Hace ya muchos años que nuestra querida Betsy Pecanins empezó a perder la voz, o mejor dicho, que empezó a mudar de voz.
De aquel caudaloso torrente que tenía en su juventud, le quedaba ya sólo un poquitito, apenas un charquito de sonido que, alimentado cada seis meses con inyecciones de botox en las cuerdas vocales, le permitía darse a entender en el mundo.
Sin embargo, lejos de autocompadecerse o de vivir de sus glorias pasadas, Betsy tuvo la humildad y la sabiduría para asumir que el canto va más allá de cultivar una voz de envidiable plumaje.
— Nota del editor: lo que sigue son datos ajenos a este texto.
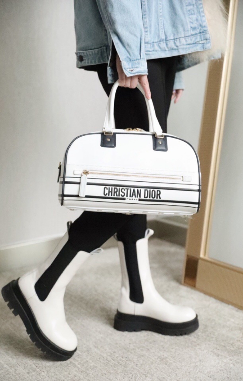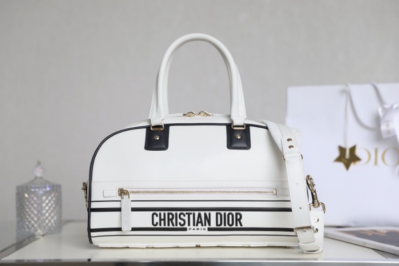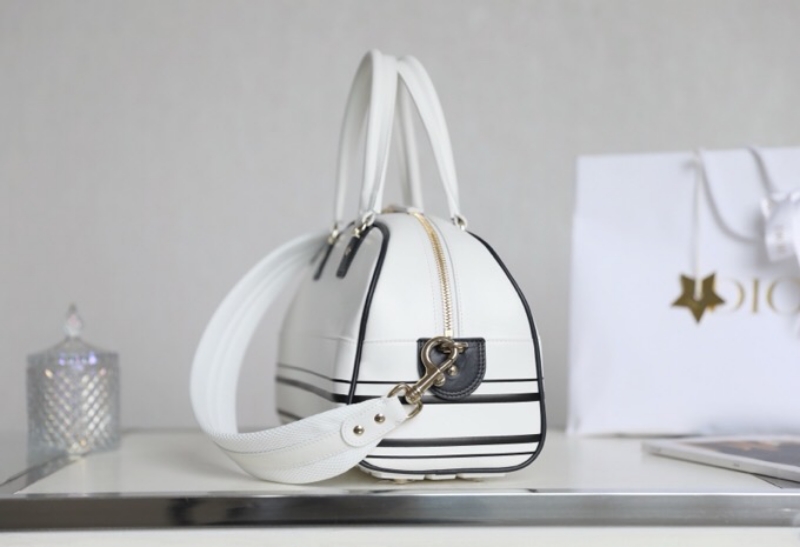 - M6202 迪奥DIOR VIBE BOWLING 拉链手袋中号 光滑牛皮保龄球包 白色

Cantar es también saborear la palabra, disfrutar sus colores y acentos, pero, sobre todo, asumir el valor para romper el cascarón que nos permita nacer una y otra vez.
Aunque componía canciones desde muy joven, fue gracias a la disfonía espasmódica que Betsy pudo reconciliarse con algunos cómplices que, a veces, ni ella misma recordaba que tenía: la rima, el ritmo, la métrica, la metáfora.
Las palabras que en su caso siempre habían estado subordinadas a la melodía se volvieron el eje de su obra. Sin prisa pero sin pausa, fue conociéndolas de cerca, descubriendo lo que cada una de ellas tenía para ofrecerle.